• _Recorded data_
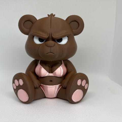 To teddybjørne med tøj, hvor den ene bærer en brun kjole med blomsterdetalje og den anden har stribet overall.
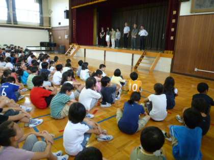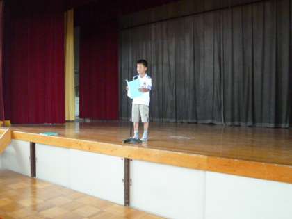 42日間の夏休みが「よい夏休みだった!」と思えるように、「めあてをもって、計画的に、規則正しく毎日を過ごしましょう」「暑さに負けない健康な心と体をつくりましょう」、また「「節電」のために、家庭でできることを一緒に考えて取り組みましょう」との話をしました。
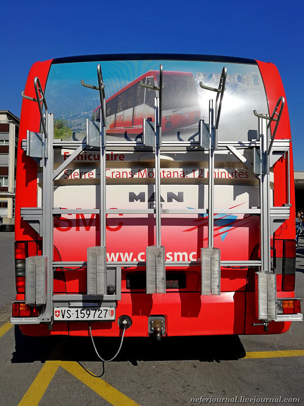 Станция Sierre/Siders, кантон Вале. Мы вышли из поезда и запихнули чемоданы в автобус, чтобы ехать дальше в горы. Как вдруг я увидела это. На задней стенке автобуса имеются вот такие приспособления. Для чего?
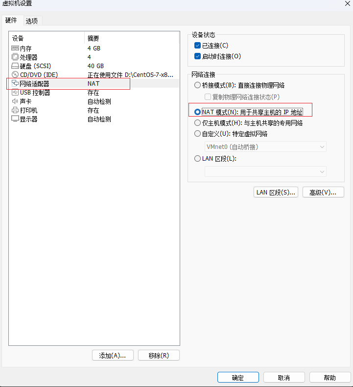 4 点击虚拟机设置-》网络配置-》选择NAT模式,确定

• _About this exercise_
With pictures omitted, restate exactly every line from the one containing "42日間の夏休みが「よい夏休" through the last line of the material, inclusive.

• _Solution to this task_
 42日間の夏休みが「よい夏休みだった!」と思えるように、「めあてをもって、計画的に、規則正しく毎日を過ごしましょう」「暑さに負けない健康な心と体をつくりましょう」、また「「節電」のために、家庭でできることを一緒に考えて取り組みましょう」との話をしました。
 Станция Sierre/Siders, кантон Вале. Мы вышли из поезда и запихнули чемоданы в автобус, чтобы ехать дальше в горы. Как вдруг я увидела это. На задней стенке автобуса имеются вот такие приспособления. Для чего?
 4 点击虚拟机设置-》网络配置-》选择NAT模式,确定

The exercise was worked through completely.